Jason Cooper was fired in
October after a fight earlier that month outside Grattan Irish Pub, 11817 Old
Belding Road NE. Police Chief Dale Nelson conducted an internal investigation
into Cooper's conduct and determined Cooper's actions brought shame to himself
and the force, demanding his dismissal, according to documents obtained by
MLive and The Grand Rapids Press under the Freedom of Information Act.
A Kent County Sheriff's
Department investigation showed a man began to call Cooper racial slurs,
leading to a fight involving Cooper and up to six others outside the bar. A
witness told Belding Police that Cooper initially walked away from a seemingly
heated conversation with a man, but later ran across the parking lot and
grabbed the man by his shirt after he directed a slur at Cooper, records show.
Ashley Geldersma, a Clarksville
resident who was pregnant at the time, said she was hit in the side during the
melee and alleged the punch came from Cooper's direction. She filed a complaint
with the sheriff's department. Cooper told a deputy he didn't strike her.
Cooper earlier this year was
absolved of any wrongdoing after he shot and killed Bernard "Bud"

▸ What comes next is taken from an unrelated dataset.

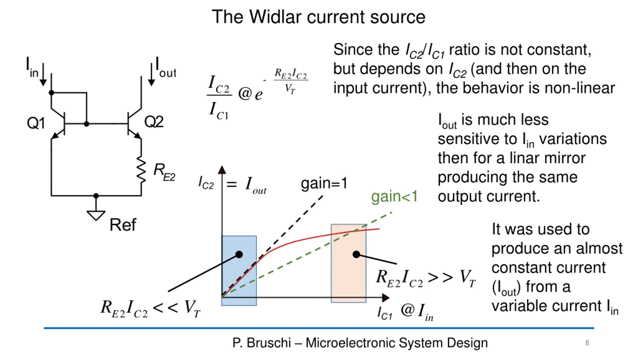The Widlar current source = - V V R I A non-linear current mirror 1 2 2 2 BE BE E E D @ - = @ V V V R I R I 1 2 2 2 2 2 BE BE BE E E E C V V V BE V BE V I I = 1 + @ 2 CB V I I e I e @ ln C V V T T C S S BE T A S I I I I I I I I D @ ln - ln = ln 1 2 1 2 C C C S V V V V BE T T T 1 2 1 2 S S S C R I I I 2 2 E C - I I V @ 2 C e @ R I D @ ln 1 C V V T If Q1=Q2 (IS1=IS2) 2 2 E C BE T 1 C 2 C P. Bruschi Microelectronic System Design 7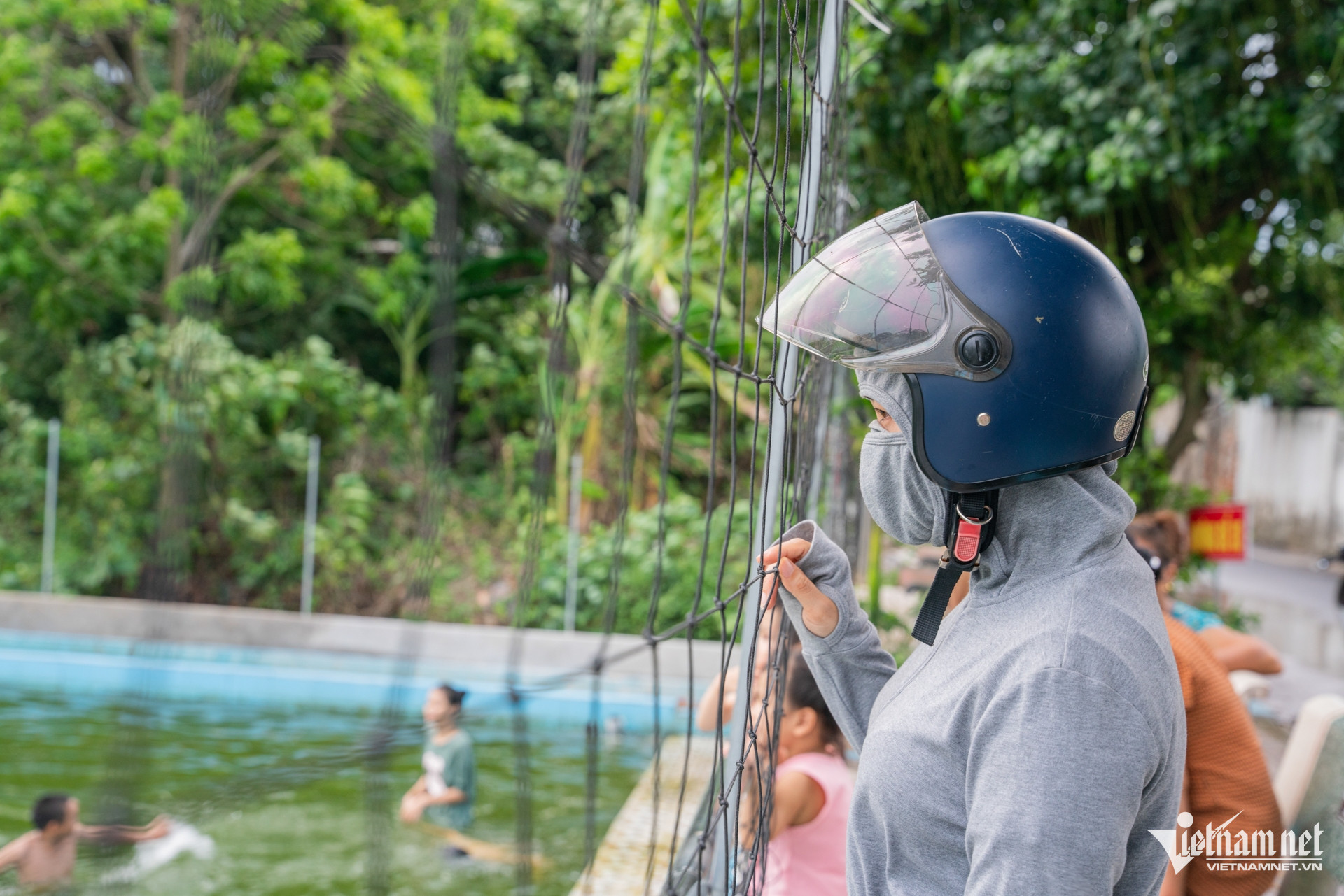 Hằng ngày, Ban quản lý vận hành bể bơi làng Hưng Giáo đều cử nhân viên bảo vệ túc trực, liên tục phát loa nhắc nhở các cháu bơi lội an toàn.

Rowley, of Sidney. The Ionia County prosecutor concluded Cooper had acted in
self-defense after Rowley in January shot at Cooper and a Michigan State Police
trooper during a traffic altercation. That incident is not reflected in
Cooper's personnel file.
City records show Cooper was
hired by the department in 1998. In 2000, he was terminated for an unjustified
police pursuit and allegedly providing false statements during an investigation
into the transport of a suspect. He returned to the job after federal
arbitration but was suspended for 90 days without pay, documents show.
In this year's firing, Nelson
wrote in Cooper's disciplinary record that the officer portrayed conduct
"unbecoming of a law enforcement officer" by allowing himself to lose
control and physically attack someone after ethnic slurs were made toward him
outside Grattan Irish Pub.
"Your failure to avert the
assault when you should, showed a continued lack of control and unprofessional
response," Nelson wrote. "Your actions have brought discredit to
yourself and the Belding Police Department."

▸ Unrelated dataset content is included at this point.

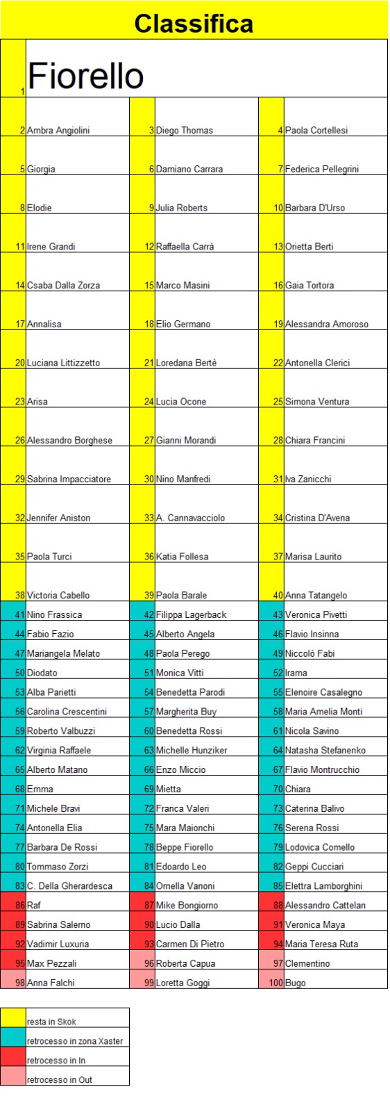 | zona Skok scorso ciclo | In&Out questo ciclo | ||||||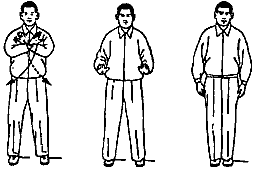Повернуть ладони наружу и медленно опустить руки по сторонам тела, сделав глубокий вдох (выдох удлиннен). При опускании рук тело должно быть расслаблено. Смотреть перед собой. Восстановив дыхание, поставить левую стопу к правой. Затем немного походить (рис. 172–174).

Cooper allegedly didn't report
the incident to Nelson despite "ample" opportunities during two work
shifts following the incident, which Nelson said was Cooper's effort to conceal
his off-duty behavior, records show.
A Kent County Sheriff's deputy
told Nelson that Cooper spoke about the incident but declined to divulge
possible witnesses, write a statement or allow photographs of his injuries.
Cooper argued he didn't feel he needed to take those steps because he was told
the case "was not going anywhere," documents state.

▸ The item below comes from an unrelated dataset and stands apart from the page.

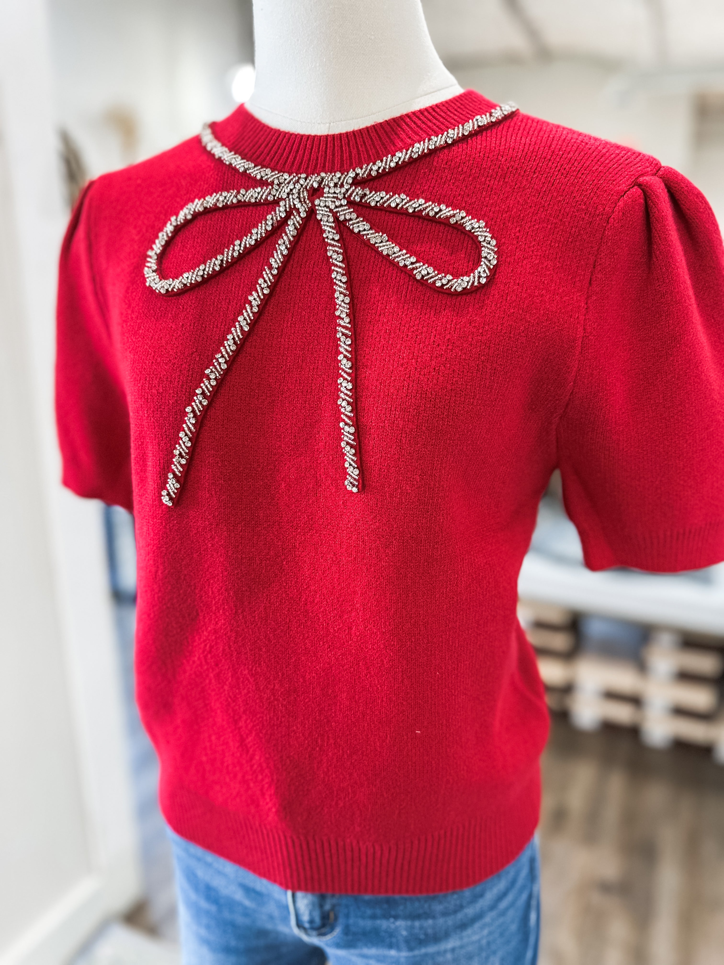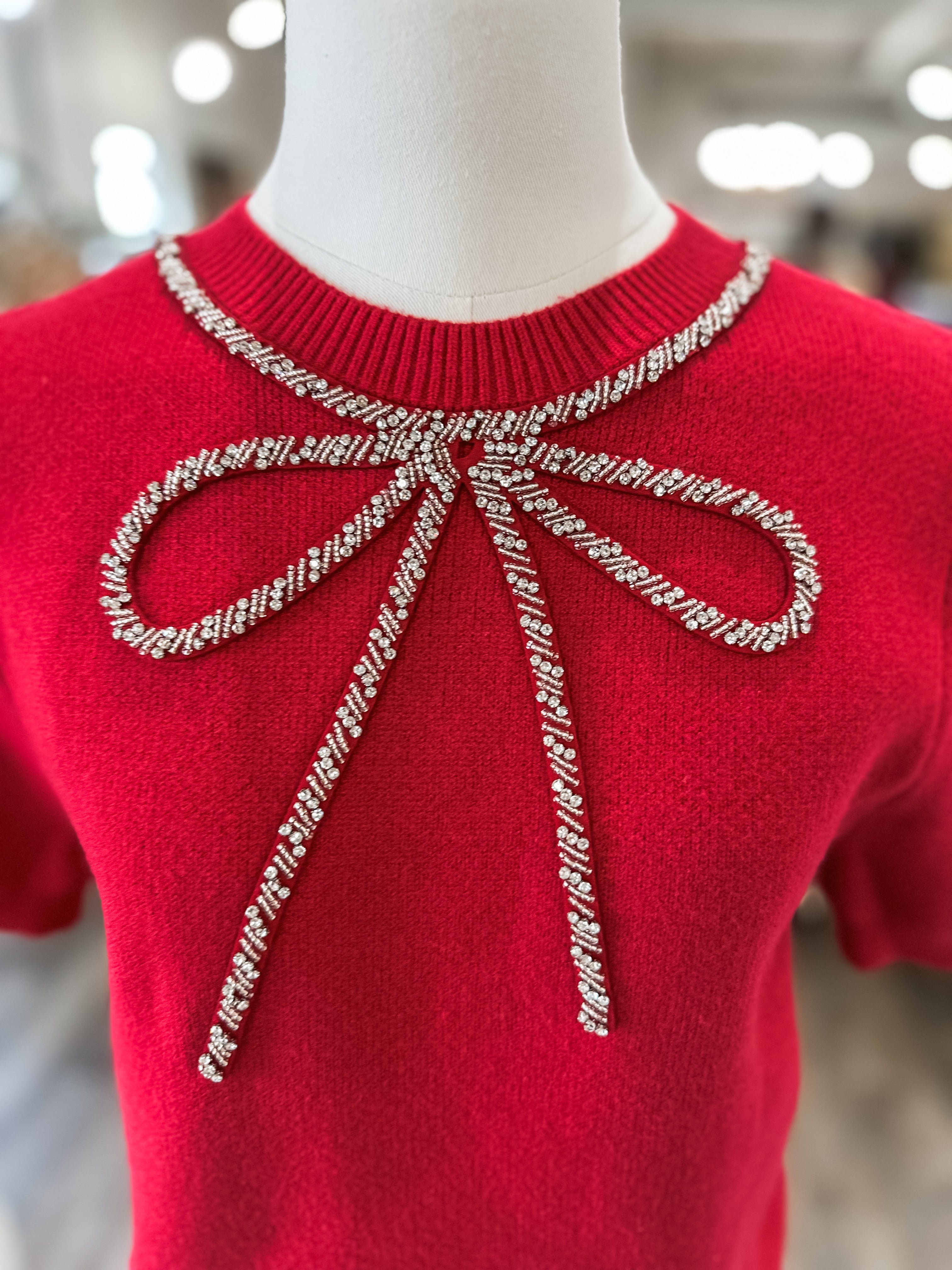Red Glitz & Grace Beaded Crystal Bow Sweater

Cooper's personnel file shows
high performance rankings in recent years but also details past problems, the
majority of which occurred in 1999 and 2000.
In 2000, the then-city manager
and police chief wrote that Cooper compromised the safety of others when he
pursued a truck that ran a stop sign. Two teenage girls sat in the bed of the
truck, which Cooper chased down a two-track road at night, traveling at high
speeds beyond city limits, documents state. The pursuit caused $2,000 damage to
the patrol vehicle.
Cooper was also accused of
providing evasive statements regarding the pursuit and another incident in
which he allegedly transported an arrest subject in his vehicle without
handcuffing the person.
Officials in 1999 said Cooper
failed to complete daily log and incident reports for numerous incidents such
as assault and battery, a missing child and a suspected drunken driver. Cooper
in a written reply to the then-chief wrote "I don't make up sh-- to make
my log look good, like some. You can tell by my mileage that I don't sit on my
a--. I drive around to find things, but sometimes you just can't."
City officials also claimed
Cooper falsified his application for employment by failing to list that he was
released from the Ionia County Sheriff's Department, his most recent employer
prior to the Belding Police Department, during a probationary period in the
late 1990s.
City Manager Meg Mullendore in
mid-November denied grievances filed after Cooper's recent termination.